## YOUR OBJECTIVE:
Once the images are removed, set down everything else in the listing below exactly.

## DATA SECTION:

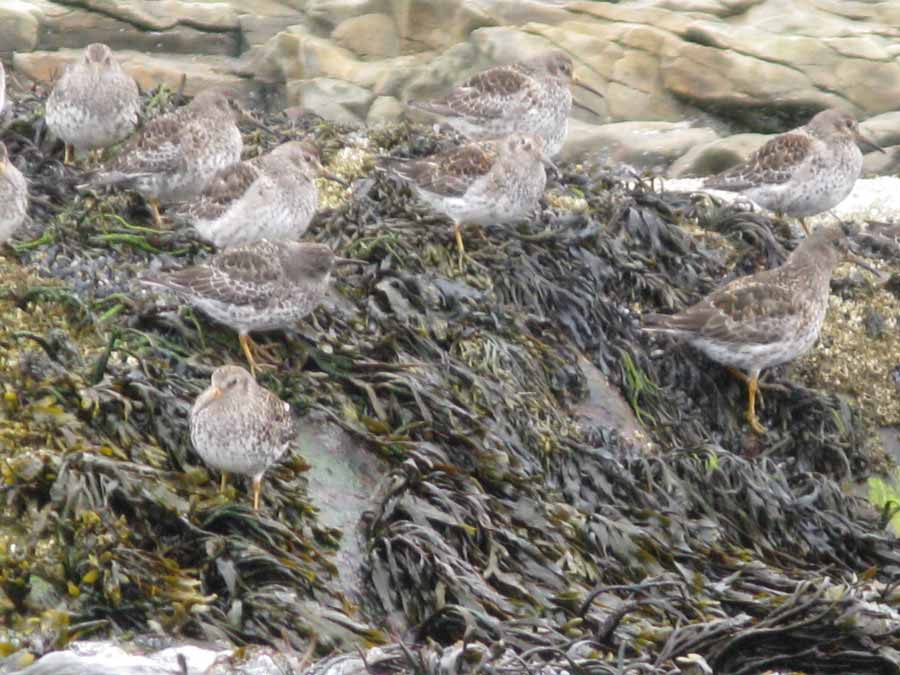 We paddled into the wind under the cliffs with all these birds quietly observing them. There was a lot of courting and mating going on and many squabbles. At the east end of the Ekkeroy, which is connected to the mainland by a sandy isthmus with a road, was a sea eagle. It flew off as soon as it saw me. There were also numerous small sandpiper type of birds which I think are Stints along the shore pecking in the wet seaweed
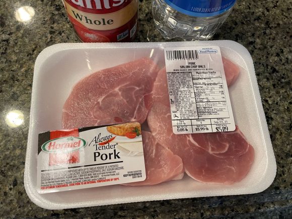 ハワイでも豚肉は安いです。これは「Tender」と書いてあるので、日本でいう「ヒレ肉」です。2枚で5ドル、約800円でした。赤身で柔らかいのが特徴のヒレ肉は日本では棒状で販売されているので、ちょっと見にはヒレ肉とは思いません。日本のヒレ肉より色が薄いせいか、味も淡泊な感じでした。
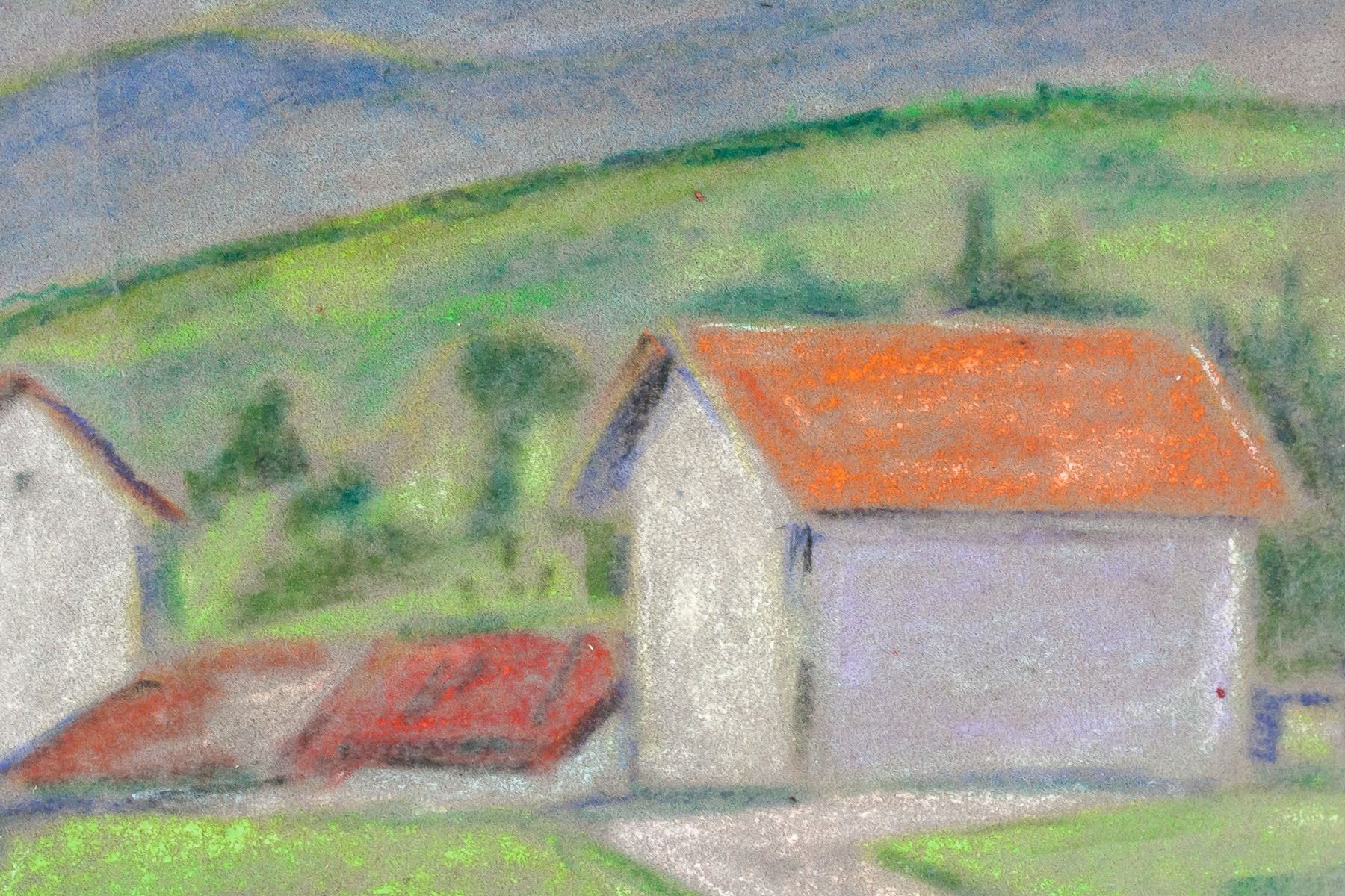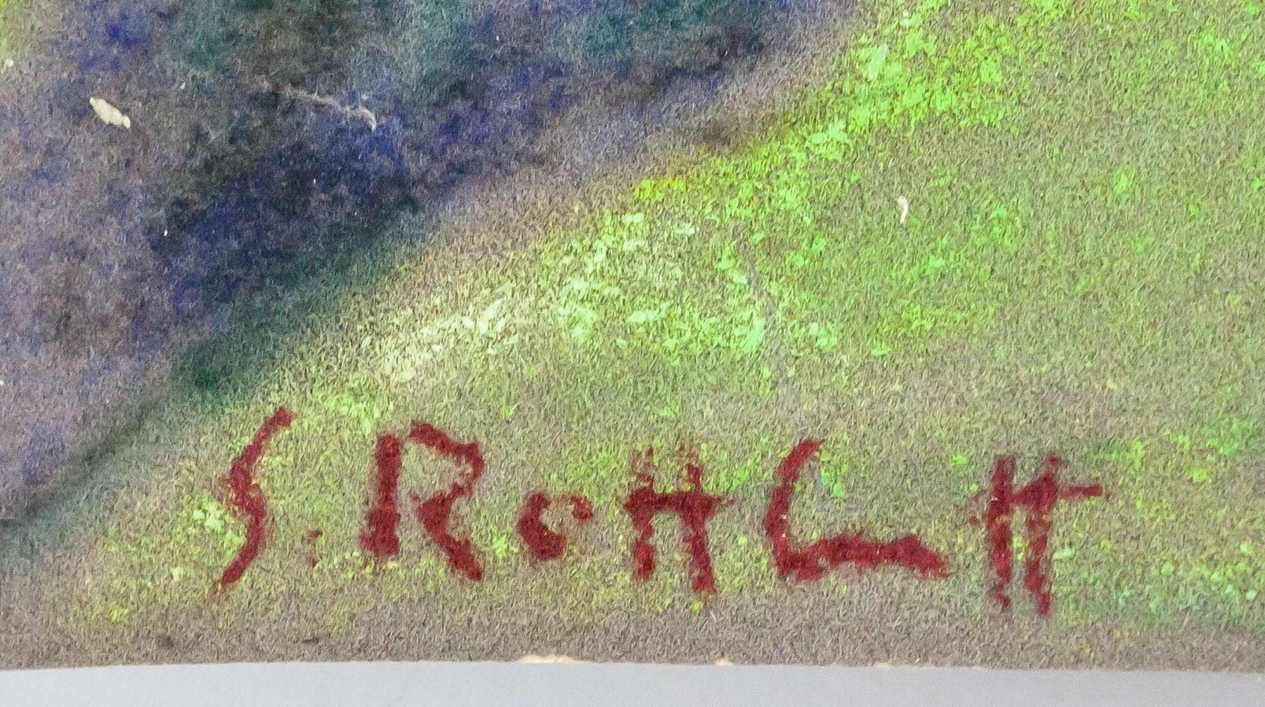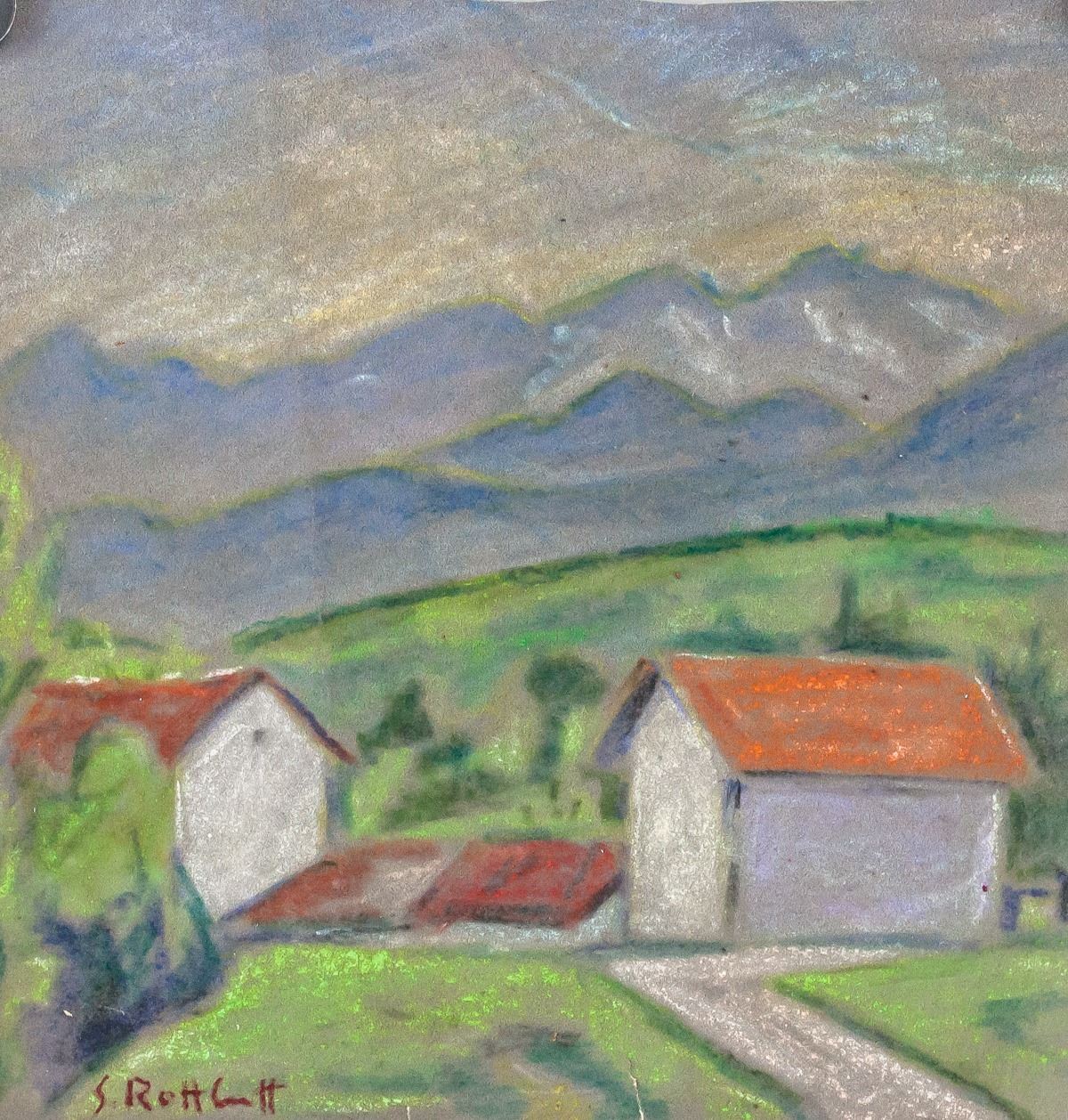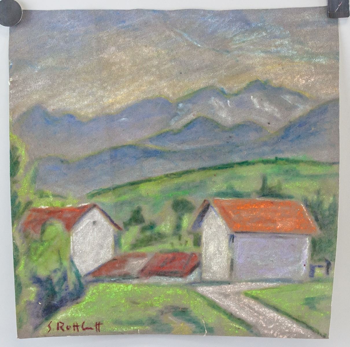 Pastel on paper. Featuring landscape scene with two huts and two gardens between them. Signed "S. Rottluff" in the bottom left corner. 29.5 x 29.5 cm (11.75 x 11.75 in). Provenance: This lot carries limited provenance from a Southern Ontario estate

## EXERCISE RESPONSE:
 We paddled into the wind under the cliffs with all these birds quietly observing them. There was a lot of courting and mating going on and many squabbles. At the east end of the Ekkeroy, which is connected to the mainland by a sandy isthmus with a road, was a sea eagle. It flew off as soon as it saw me. There were also numerous small sandpiper type of birds which I think are Stints along the shore pecking in the wet seaweed
 ハワイでも豚肉は安いです。これは「Tender」と書いてあるので、日本でいう「ヒレ肉」です。2枚で5ドル、約800円でした。赤身で柔らかいのが特徴のヒレ肉は日本では棒状で販売されているので、ちょっと見にはヒレ肉とは思いません。日本のヒレ肉より色が薄いせいか、味も淡泊な感じでした。
 Pastel on paper. Featuring landscape scene with two huts and two gardens between them. Signed "S. Rottluff" in the bottom left corner. 29.5 x 29.5 cm (11.75 x 11.75 in). Provenance: This lot carries limited provenance from a Southern Ontario estate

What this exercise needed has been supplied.